Secondly, this was no ordinary group of passengers. These were Ministers from the African, Caribbean and Pacific Group of countries visiting key Presidents from North to South and from East to West. I had already seen the waters of the Blue Nile meet the White Nile at Khartoum; we had landed south of the Ubangi River at Gbadolite Airport for a fastuous reception at the African Versailles. Now we were flying from Kenya to Botswana to meet the great nation-builder and first President, Sir Seretse Kharma.
We had already landed and taken off countless times over the past few days and this was to be our last port of call. As a result, most of the polite chatter to the person in the adjoining seat had dwindled to a comfortable silence. All the briefing documents for each of the courtesy calls had been used and re-used. By now, everybody was trying to fall asleep so that they could dream about going home.
There was a ‘ping’ as the seat belt light went on. There had been no announcement from the pilot about turbulence ahead. Most passengers had gotten into the habit of leaving their seat belts on throughout the duration of the flight anyway. So, we hardly paid any attention. We were not flying high – only at some 15,000 feet (being an interpreter, I had actually listened to the pilot’s welcome on board) – but suddenly the engine whir changed tone. We all felt that slight change when a plane slows down and starts to descend. Everybody looked around. What were the flight crew doing?
On came the passenger service announcement, “Your Excellencies, ladies and gentlemen, the captain has put on the fasten seat belt light. Kindly return to your seats and fasten your seat belts.”
Excellences, Mesdames et Messieurs, le capitaine de bord vient d’allumer le signal de sécurité, veuillez retourner à vos places et attacher vos ceintures.
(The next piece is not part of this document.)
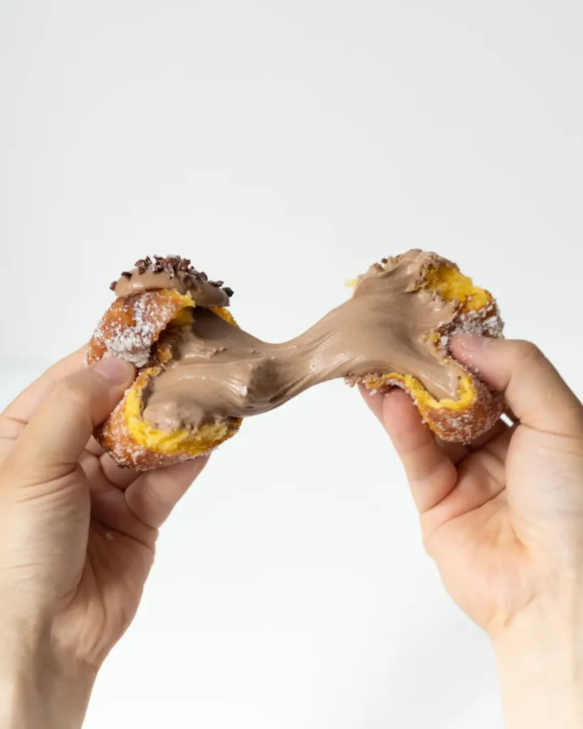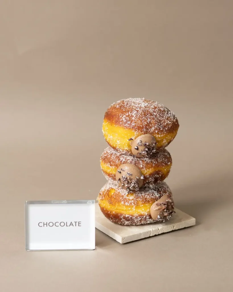 甘すぎずビターな味わいの濃厚チョコレートクリームを入れた生ドーナツです

This crew was from Gabon. Surely they could explain – in excellent French – why we seemed to be going down? Then the plane started lurching as the nose dipped. Left to right, right to left. Suddenly we were all concentrating on what was going on. In silence. Then there was a crackle of static as the intercom came on.
All eyes turned to me. What was I supposed to do? Had we not all been instructed to remain in our seats with our seat belts fastened?
Interprète! Interprète! Au poste de pilotage.
The plane was now in full nose-dive, it was almost as if we could hear the sound of rushing wind as cabin pressure was changing. Even to get up to the front would require some serious fighting spirit. Vas-y, hissed the head of delegation. My only thought as I grasped at the head rests as I tried to clamber towards the front was that I was like a cock being thrown into the pit, head first.
I pushed open the door and tumbled into the flight deck. I had never seen such an array of dials and switches. One pilot was jabbing away at buttons on the radio and the co-pilot was pulling with both hands on the joystick. Both hands??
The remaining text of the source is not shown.